Представления об истории оказали свое огромное влияние на нововременное сознание относительно поздно, не раньше последней трети XVIII века, и это влияние достаточно быстро достигло своей кульминации в философии Гегеля. Центральное понятие гегелевской метафизики – это история. Уже одно это вопиюще противоречит всей предыдущей метафизике, которая со времен Платона искала истину и откровение вечного Бытия где угодно, но только не в сфере человеческих дел – τὰ τῶν ἀνθρώπον πράγματα, – о которой Платон именно потому говорит с таким презрением, что в ней нельзя отыскать никакого постоянства, а значит, и надеяться открыть истину. Считать, подобно Гегелю, что истина пребывает и раскрывает себя в самом временном процессе, – неизменная особенность современного исторического сознания, как бы оно себя ни выражало, на специфически гегельянском языке или нет. Возникновение в XIX веке гуманитарных дисциплин было вдохновлено тем же самым чувством истории и поэтому ясно отличается от возрождений античности, раз за разом случавшихся в предыдущие периоды. Люди, как отметил Майнеке, стали теперь читать так, как никто не читал прежде. Они «читали, чтобы выудить у истории окончательную истину, которую та могла предложить людям, ищущим Бога»; но больше не считалось, что эта окончательная истина должна содержаться в какой-то одной книге, будь то Библия или что-нибудь ей на замену. Сама история стала рассматриваться как книга – книга «человеческой души, изложенная во временах и народах», по определению Гердера[45].

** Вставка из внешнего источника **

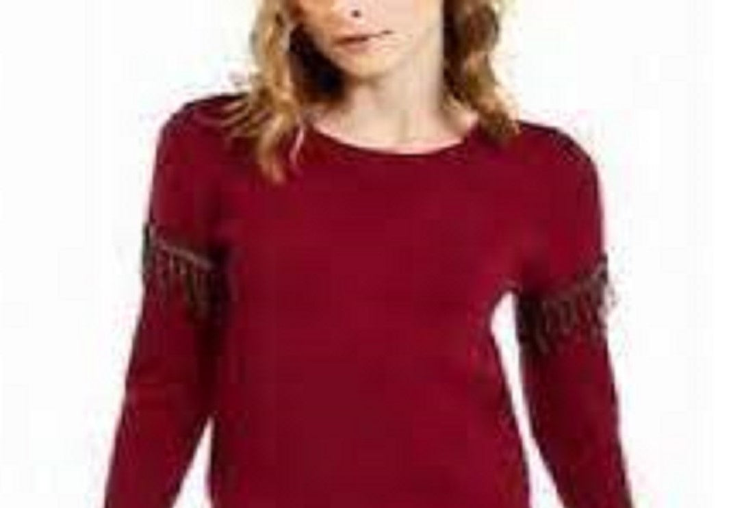 Suéter Alfani Feminino com Franjas Embelezadas, Vinho, Tamanho Grande

Недавние исторические исследования в немалой мере пролили свет на переходный период между Средними веками и современностью. В результате Новое время, которое, как считалось раньше, началось с века Ренессанса, удалось проследить вплоть до глубокого Средневековья. Хотя очень хорошо, что историки подчеркивают непрерывную преемственность, у этого есть один недостаток: пытаясь преодолеть пропасть, отделяющую религиозную культуру от светского мира, в котором мы живем, они скорее обошли стороной, чем решили великую загадку внезапного неоспоримого обмирщения. Если под секуляризацией мы понимаем не более чем обмирщение и сопутствующее затмение трансцендентного мира, то нельзя спорить с тем, что современное историческое сознание очень тесно с ней связано. Это, однако, ни в коей мере не подразумевает, что религиозные и трансцендентные категории неким странным образом превратились в имманентные земные цели и эталоны, на чем в последнее время настаивали историки идей. Секуляризация означает прежде всего попросту разделение религии и политики, а это разделение столь коренным образом повлияло на них обеих, что нет ничего менее правдоподобного, чем та постепенная трансформация религиозных категорий в мирские понятия, которую пытаются установить сторонники непрерывной преемственности. То, что им может в какой-то мере удаться нас убедить, объясняется не тем, что речь идет об определенном периоде, а природой идей в целом; стоит только полностью отделить идею от ее оснований в действительном опыте, как уже нетрудно установить ее связь почти с любой другой идеей. Другими словами, если мы допускаем, что существует нечто вроде независимого царства чистых идей, то все понятия и представления просто не могут не быть взаимосвязаны, потому что все они происходят из одного источника: человеческого ума, понятого в его крайней субъективности, вечно играющего с собственными образами, не трогаемого опытом и не имеющего никаких связей с миром, будь то «мир» как природа или как история.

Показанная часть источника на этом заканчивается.